The task :: In the entries that follow, find the line containing "Kalto bronzos tekstūros" and the line containing "20分ほどでこれだけ出ている", then retype exactly the lines from the first through the second, pictures excluded.

Extracted entries ::
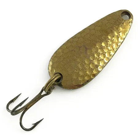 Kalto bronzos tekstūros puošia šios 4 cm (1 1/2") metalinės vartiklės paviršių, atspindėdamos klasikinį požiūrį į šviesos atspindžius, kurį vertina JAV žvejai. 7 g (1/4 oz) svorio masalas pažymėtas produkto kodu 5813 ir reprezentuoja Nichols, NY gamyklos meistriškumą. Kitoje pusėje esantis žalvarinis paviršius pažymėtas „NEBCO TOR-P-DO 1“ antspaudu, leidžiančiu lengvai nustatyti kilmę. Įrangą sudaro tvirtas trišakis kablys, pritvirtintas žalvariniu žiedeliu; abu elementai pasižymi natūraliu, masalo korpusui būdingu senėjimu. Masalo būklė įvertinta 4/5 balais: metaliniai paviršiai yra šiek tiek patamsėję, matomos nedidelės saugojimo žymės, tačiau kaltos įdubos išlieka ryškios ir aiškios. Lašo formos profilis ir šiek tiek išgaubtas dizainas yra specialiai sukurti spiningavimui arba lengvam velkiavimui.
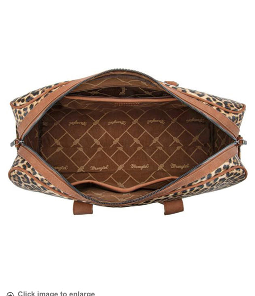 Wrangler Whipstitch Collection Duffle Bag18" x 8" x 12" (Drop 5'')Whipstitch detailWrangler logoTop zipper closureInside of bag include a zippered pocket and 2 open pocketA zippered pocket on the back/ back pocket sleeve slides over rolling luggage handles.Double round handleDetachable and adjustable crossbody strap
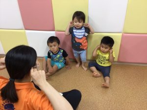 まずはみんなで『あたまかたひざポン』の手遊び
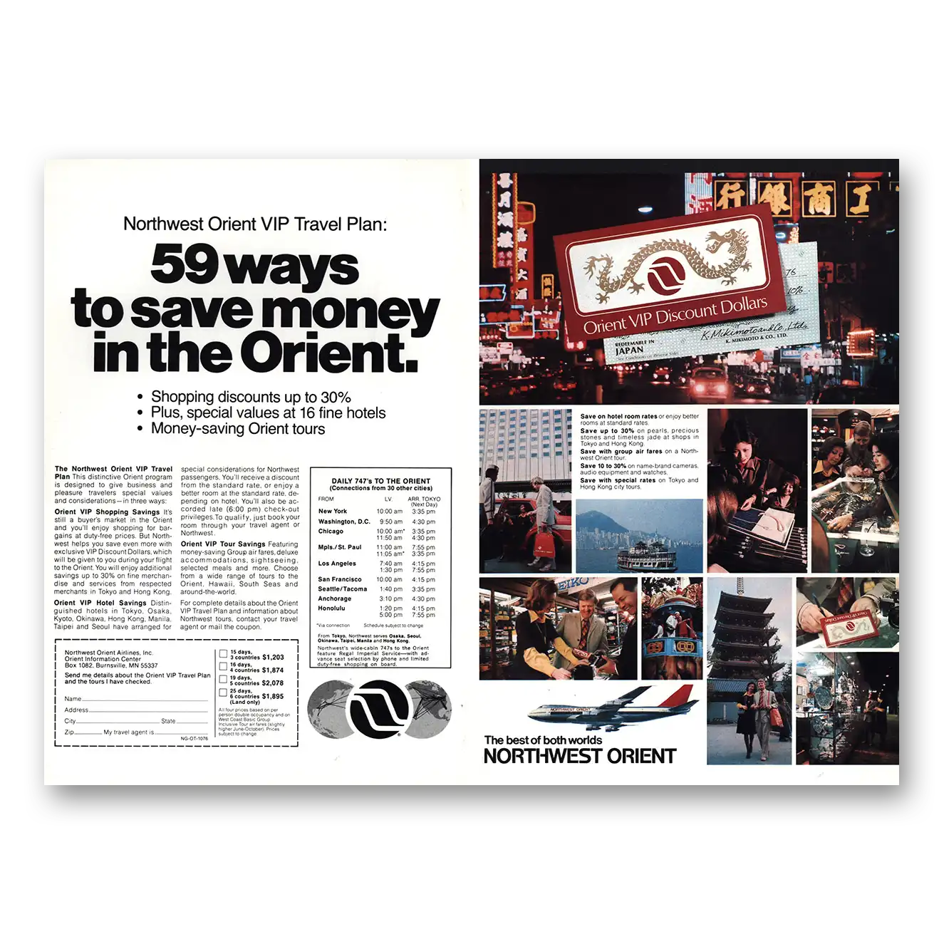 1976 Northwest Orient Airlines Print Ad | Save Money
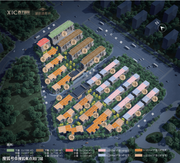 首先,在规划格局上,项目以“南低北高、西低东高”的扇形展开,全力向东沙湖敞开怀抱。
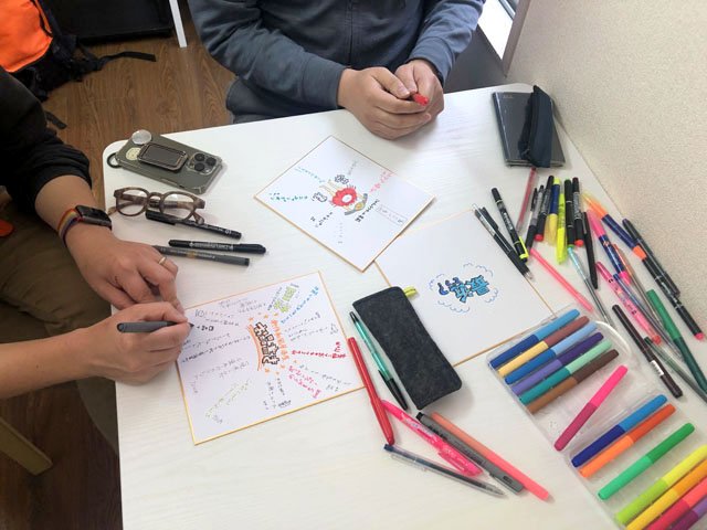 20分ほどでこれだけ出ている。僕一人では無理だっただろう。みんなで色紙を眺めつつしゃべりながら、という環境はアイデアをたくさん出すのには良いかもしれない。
* * *
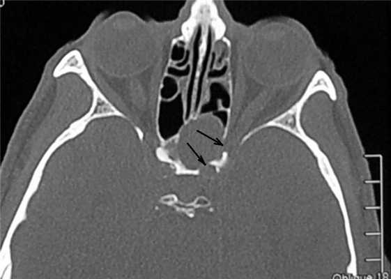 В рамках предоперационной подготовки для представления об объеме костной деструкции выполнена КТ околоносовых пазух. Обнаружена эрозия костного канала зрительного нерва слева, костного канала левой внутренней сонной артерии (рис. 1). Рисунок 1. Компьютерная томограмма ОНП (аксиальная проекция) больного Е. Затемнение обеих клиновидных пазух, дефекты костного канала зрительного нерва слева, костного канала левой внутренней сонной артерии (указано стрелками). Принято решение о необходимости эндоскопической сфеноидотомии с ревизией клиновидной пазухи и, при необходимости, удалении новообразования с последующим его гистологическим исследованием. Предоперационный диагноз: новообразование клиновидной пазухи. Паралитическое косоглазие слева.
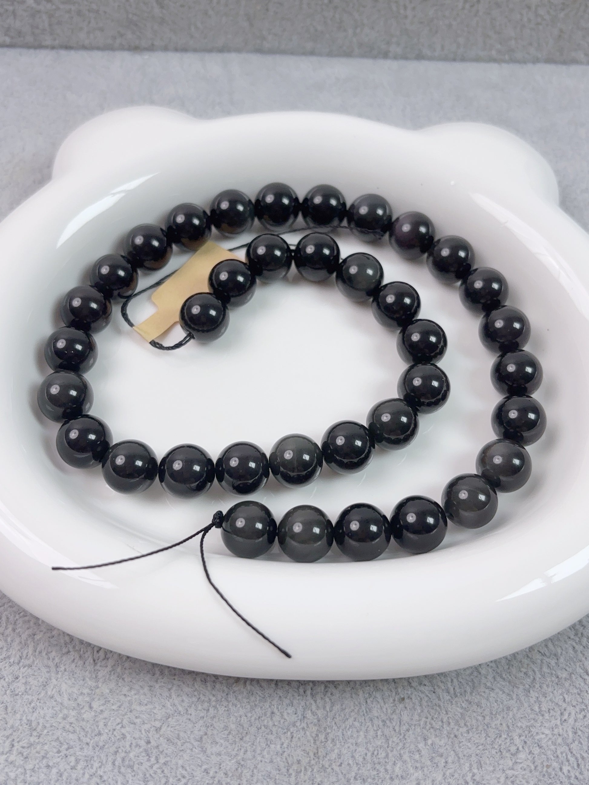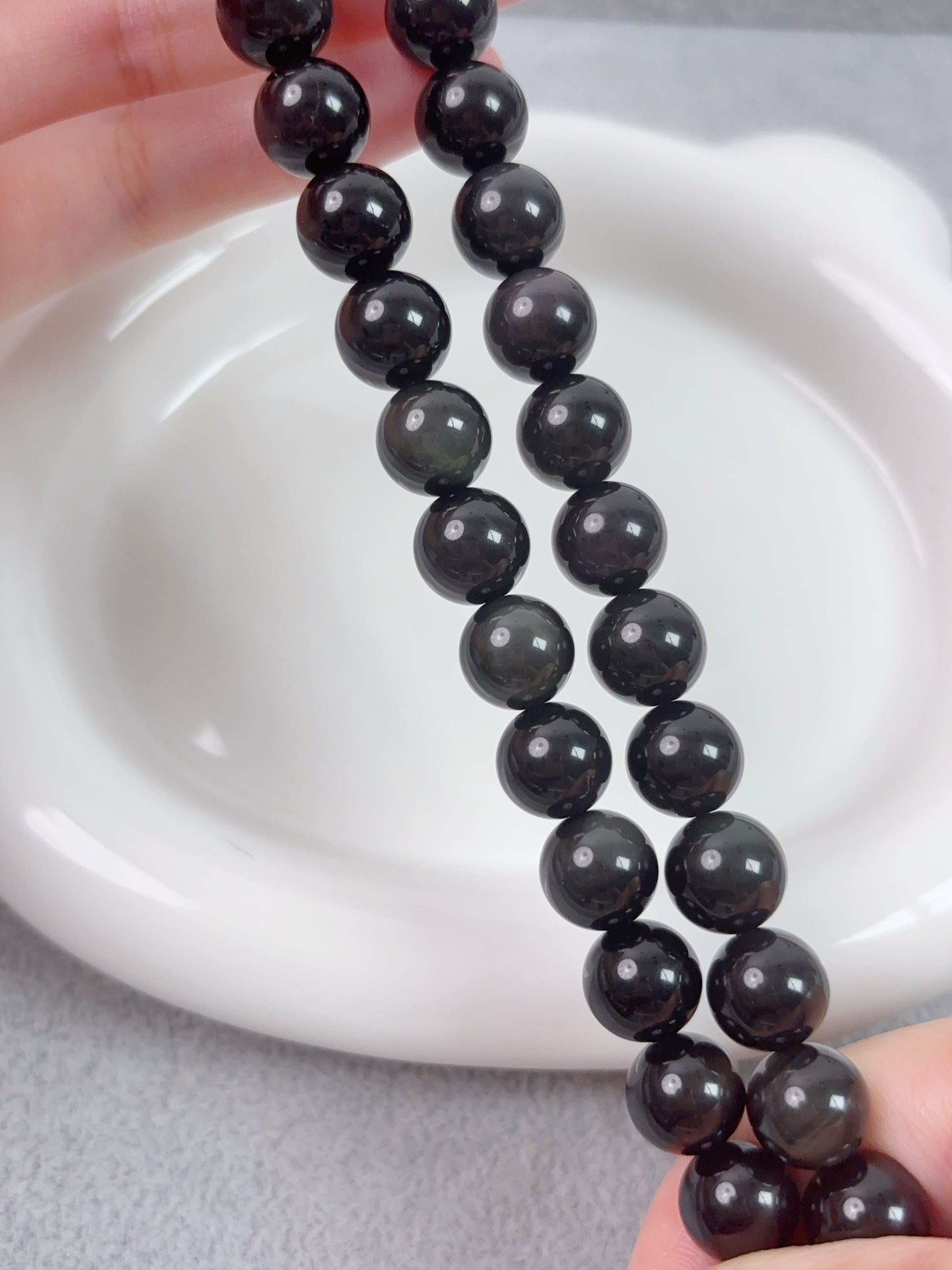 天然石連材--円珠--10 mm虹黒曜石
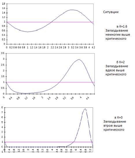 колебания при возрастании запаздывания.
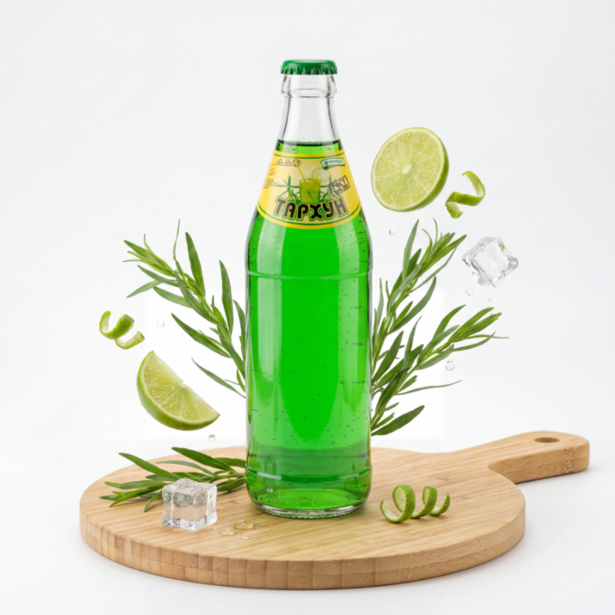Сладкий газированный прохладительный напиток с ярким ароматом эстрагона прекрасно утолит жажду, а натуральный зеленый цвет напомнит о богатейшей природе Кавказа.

Answer space ::
 Kalto bronzos tekstūros puošia šios 4 cm (1 1/2") metalinės vartiklės paviršių, atspindėdamos klasikinį požiūrį į šviesos atspindžius, kurį vertina JAV žvejai. 7 g (1/4 oz) svorio masalas pažymėtas produkto kodu 5813 ir reprezentuoja Nichols, NY gamyklos meistriškumą. Kitoje pusėje esantis žalvarinis paviršius pažymėtas „NEBCO TOR-P-DO 1“ antspaudu, leidžiančiu lengvai nustatyti kilmę. Įrangą sudaro tvirtas trišakis kablys, pritvirtintas žalvariniu žiedeliu; abu elementai pasižymi natūraliu, masalo korpusui būdingu senėjimu. Masalo būklė įvertinta 4/5 balais: metaliniai paviršiai yra šiek tiek patamsėję, matomos nedidelės saugojimo žymės, tačiau kaltos įdubos išlieka ryškios ir aiškios. Lašo formos profilis ir šiek tiek išgaubtas dizainas yra specialiai sukurti spiningavimui arba lengvam velkiavimui.
 Wrangler Whipstitch Collection Duffle Bag18" x 8" x 12" (Drop 5'')Whipstitch detailWrangler logoTop zipper closureInside of bag include a zippered pocket and 2 open pocketA zippered pocket on the back/ back pocket sleeve slides over rolling luggage handles.Double round handleDetachable and adjustable crossbody strap
 まずはみんなで『あたまかたひざポン』の手遊び
 1976 Northwest Orient Airlines Print Ad | Save Money
 首先,在规划格局上,项目以“南低北高、西低东高”的扇形展开,全力向东沙湖敞开怀抱。
 20分ほどでこれだけ出ている。僕一人では無理だっただろう。みんなで色紙を眺めつつしゃべりながら、という環境はアイデアをたくさん出すのには良いかもしれない。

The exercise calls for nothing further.